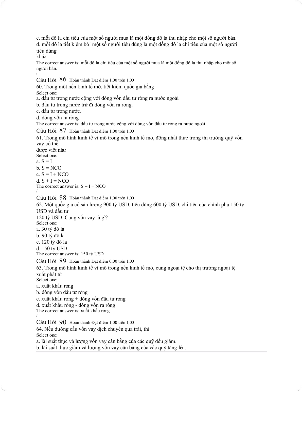 61. Trong mô hình kinh tế vĩ mô trong nền kinh tế mở, đồng nhất thức trong thị trường quỹ vốn vay có thể được viết như Select one: a. S = I b. S = NCO c. S = I + NCO d. S + I = NCO
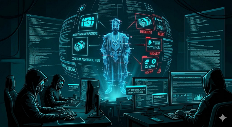 «Нігерыйскі прынц» — самы стары, даінтэрнэтны фішынг. Ілюстрацыя згенеравана БАЖ праз AI Nano Banana
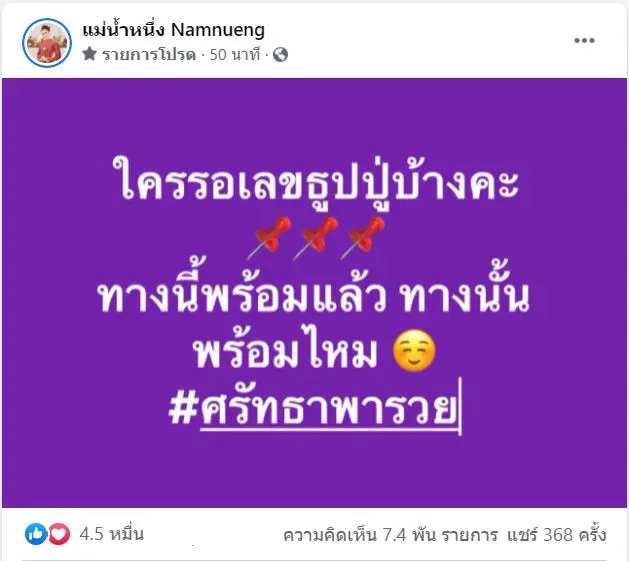 ขณะที่คอหวยเข้ามาแสดงความคิดเห็นเหมือนกันคือ ศรัทธาพารวย, พร้อมมาก รอเลข, สาธุ สาธุ, พร้อมมากค่ะแม่ศรัทธาพารวย

-=-=-=-=-

-- PROBLEM DESCRIPTION --
Reproduce the material above in full and without alteration, but skip all pictures.

-- TASK RESULT --
 61. Trong mô hình kinh tế vĩ mô trong nền kinh tế mở, đồng nhất thức trong thị trường quỹ vốn vay có thể được viết như Select one: a. S = I b. S = NCO c. S = I + NCO d. S + I = NCO
 «Нігерыйскі прынц» — самы стары, даінтэрнэтны фішынг. Ілюстрацыя згенеравана БАЖ праз AI Nano Banana
 ขณะที่คอหวยเข้ามาแสดงความคิดเห็นเหมือนกันคือ ศรัทธาพารวย, พร้อมมาก รอเลข, สาธุ สาธุ, พร้อมมากค่ะแม่ศรัทธาพารวย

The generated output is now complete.